[Tux3] Design note: Delta staging

Thu Dec 4 21:42:10 PST 2008

In a previous design note, I described Tux3's frontend/backend cache 
model:

   http://mailman.tux3.org/pipermail/tux3/2008-November/000303.html
   "Deferred Namespace Operations"

The subject line is a little inaccurate - that post is really more about 
Tux3's cache layering, out of which came the conclusion that the 
concept of deferred namespace operations is necessary in order to 
implement Tux3's layered model optimally.  (The above needs a cleanup 
and repost as a design note specifically about the cache model.)

This post is about an important piece of the cache layering model: 
the "delta staging" operation (called "delta setup" in the post above) 
which takes place at each delta transition.  Delta staging takes the 
changes that the user has made to front end cache and formats them into 
disk blocks, ready to be transferred to disk.  Since these disk blocks 
are all buffered in cache, this is a cache-to-cache operation.

Delta staging does the following:

  - Flushes deferred name creates and deltas to directory blocks (*)

  - Flushes deferred inode creates and deletes to inode table blocks (*)

  - Allocates and assigns physical disk addresses for dirty data blocks
    and dirty directory entry blocks

  - Updates inode table blocks to point to new locations of the above
    blocks

  - Assigns new locations for any modified inode table blocks

  - Assigns new locations for split index blocks (note: but not for
    index blocks that just have a new pointer added, that is handled
    by "promises" and rollup described earlier.)

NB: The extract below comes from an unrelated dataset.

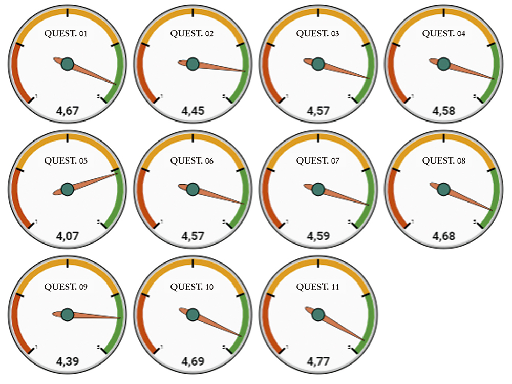 | Confidence Interval (CI 95%) | 4,5 to 4,7 | 4,3 to 4,5 | 4,4 to 4,6 | 4,4 to 4,6 | 4,0 to 5,0 | 4,4 to 4,6 | 4,4 to 4,6 | 4,5 to 4,7 | 4,2 to 4,5 | 4,5 to 4,7 | 4,6 to 4,8 |

  - Allocates and formats one or more log commit blocks to record the
    physical locations of all blocks now contained by the delta,
    including dirty file data, changed directory entry blocks and split
    btree nodes

  - Chooses one of the log commit blocks to be the delta commit block
    and adds delta commit information to it.

Steps marked (*) above are done only if we have deferred namespace 
operations available.  Otherwise, the front end will directly modify 
directory entry and inode table blocks, using a lock against delta 
staging to avoid the situation where the front end wants to modify an 
inode table block that delta staging has already modified but not yet 
written.

Note that a delta does not include changed bitmaps or changed index 
blocks, other than split index blocks.  This information can be derived 
from the delta commit blocks at replay time (next mount, whether 
explicit or after unexpected interruption) so there is no need to write 
this to disk.

Delta staging will normally be a quick, cache to cache operation with 
running time measured in microseconds.  However, if it needs to read 
metadata blocks from disk then its running will sometimes run into 
milliseconds.  With deferred namespace operations, this will causes no 
visible interruption to the front end, provided the disk is not 
backlogged.  Without deferred namespace operations, these latency 
spikes will be visible to the user, which sounds bad, but is actually 
normal behavior for the current generation of Linux filesystems.  With 
deferred namespace operations, we will push the envelope a little in 
Tux3.

When delta staging completes, we have a set of block images ready to 
transfer to disk.  As soon as the previous delta has completed (that 
is, its delta commit block write has completed) all the blocks of the 
new delta are submitted for writeout, except for the delta commit 
block.  When the other blocks have completed writeout, the delta commit 
block is written and transfer of the next delta can begin.

This is a pretty simple strategy.  In time we will will elaborate it 
with measures to eliminate the two synchronous waits at each delta: 1) 
the commit block waits for the other block writeouts to complete; 2) 
the next delta waits for the commit block writeout to complete.  These 
waits can be eliminated with some simple tricks.  Even if we are lazy 
and do nothing about these waits, performance will be respectable, 
because under load the deltas will be quite large.  Ten milliseconds 
spent waiting for a 500 millisecond delta writeout will be scarcely 
noticeable.  But a synchronous write load, like we have with NFS, will 
benefit visibly from a smarter commit pipeline strategy.